Seebs said:
If you need a branch for this, you've done it wrong.
Perhaps... I was starting to wonder if there is a better way than using a
lookup table.
Today is a new today with a fresh look at things
Now that the basic algorithm is done it's easier to see where problems might
be.
There are two or three different problems which are slightly different from
each other.
1. The first problem is calculating a mask to represents all one's for the
lowest bits up to bitcount.
So if bitcount is 5, bits 0 to 4 most be set.
Bit count can go up to 32 for a longword.
Bit count could even go up to 64 for a int64. But this case can be ignored
for now.
So the limit of bit count 32 is good enough for now.
Since shr 32 and shl 32 is not possible a solution is needed. A fast one too
for that matter.
Noone has yet provided one in there examples, perhaps because the examples
where limited to 16 bit words.
Anyway since there are only 5 bits available for shl and shr there is a
logical problem for intel:
"Do we support range 0 to 31 or do we support range 1 to 32 ?"
Intel choose to support range 0 to 31.
Logically/interestingly shr 0 and shl 0 do absolutely nothing !
Yet I have heard nobody complain about this apperently lack of
functionality, which is just as useless as doing shr 32 and shl 32...
The last could have even been more usefull but ok. Depends on the situation
perhaps.
The conclusion therefore can be/most be that shr 0 and shl 0 are usefull
after all !
If "we" can wrap around the bitcount from 32 back to 0 than at least we will
prevent "garbage".
Now the question is, is it usefull to wrap around ? This will probably
depend on the code and the situation.
So let's examine it:
The technique used so far to calculate a mask is to set the mask initially
to all one's as follows:
1111111-32-one's-11111111
Depending on the bit count this masks needs to be shifted left. If bitcount
is 1 the mask should have all one's except one zero as follows:
1111111-31 one's-11111110
The zero will represent the content bit later on. It's clear to me that with
the current masking formula only 31 bits can be shifted out.
Example: (1 shl 31)-1 = 0111 1111 1111 1111 1111 1111 1111 1111
(I just found a nice button on the windows calculator it's called Lsh (Left
shift I guess) it can be used to do these calculations... nice)
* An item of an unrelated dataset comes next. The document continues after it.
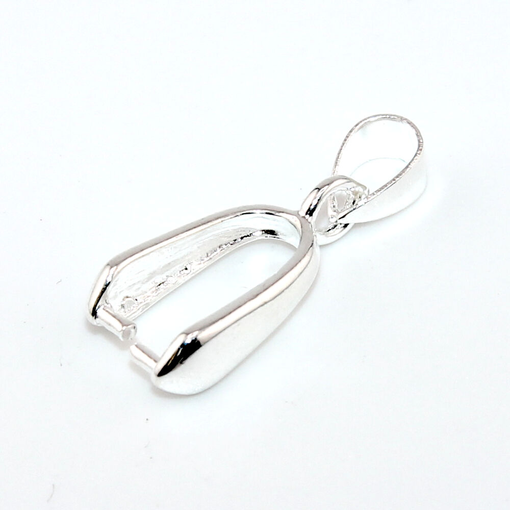 Pinch bails are used for top-drilled beads to create a dangle for necklace or earrings. They are easy to use and functional for jewelry-making. Pinch bails have two prongs at the bottom which will insert into the hole of your top drilled bead. Gently pinch the bail to close. The Pinch Bail hanger has a bail on top of the hanger which enables you to hang it from a chain or cord necklace easily. This Pinch Bail with Hanger is 24mm x 11mm and is made from Copper with a Silver plate finish. 24mm x 11mm Pinch Bail with Hanger - Silver

The problem is clear: the last bit is missing.
I was thinking, maybe a "bitcount mod 32" might help so let's see what
happens:
32 mod 32 would become zero.
The formula will be:
not ( -1 shl 0 );
-1 shl 0 = -1
-1 = all bits set.
not (-1) = must therefore be logically all bits cleared.
This is not what we want... we want all bits set for a bitcount of 32.
Therefore there is clearly a problem.
So we need a different solution.
The algorithm exits on bitcount 0 so the mask of all one's is therefore
useless.
Perhaps the mask can be changed as follows:
not ( -2 shl ? );
This would assume bitcount is always 1 or greater.... therefore we can
subtract 1 from the bitcount.
the formula would then be:
not ( -2 shl (BitCount-1) )
Now let's see if this works for BitCount 1, 5 and 32 as verifications.
Case 1: not ( -2 shl (1-1) ) = not ( - 2 shl 0 ) = not(-2)
Logically all bits are set except the last one. (Assuming two complements
computers, have a nice time figuring out how to support it in "portable C"
)
Therefore it gets changed into: etc0000000000001
Which is indeed what we want.
Now let's continue with the 32.
Case 32: not( -2 shl (32-1) ) = not ( -2 shl 31 )
Logically all bits will be pushed out except the first one...
So I would expect it to be all zero's... notting all zero's gives a mask of
all one's.
Which is what we want.
For now the problem with "masking" seems to be solved.
However the problem for shifting "content" still needs to be looked. I am
not yet sure if it can be solved.
Bye,
Skybuck.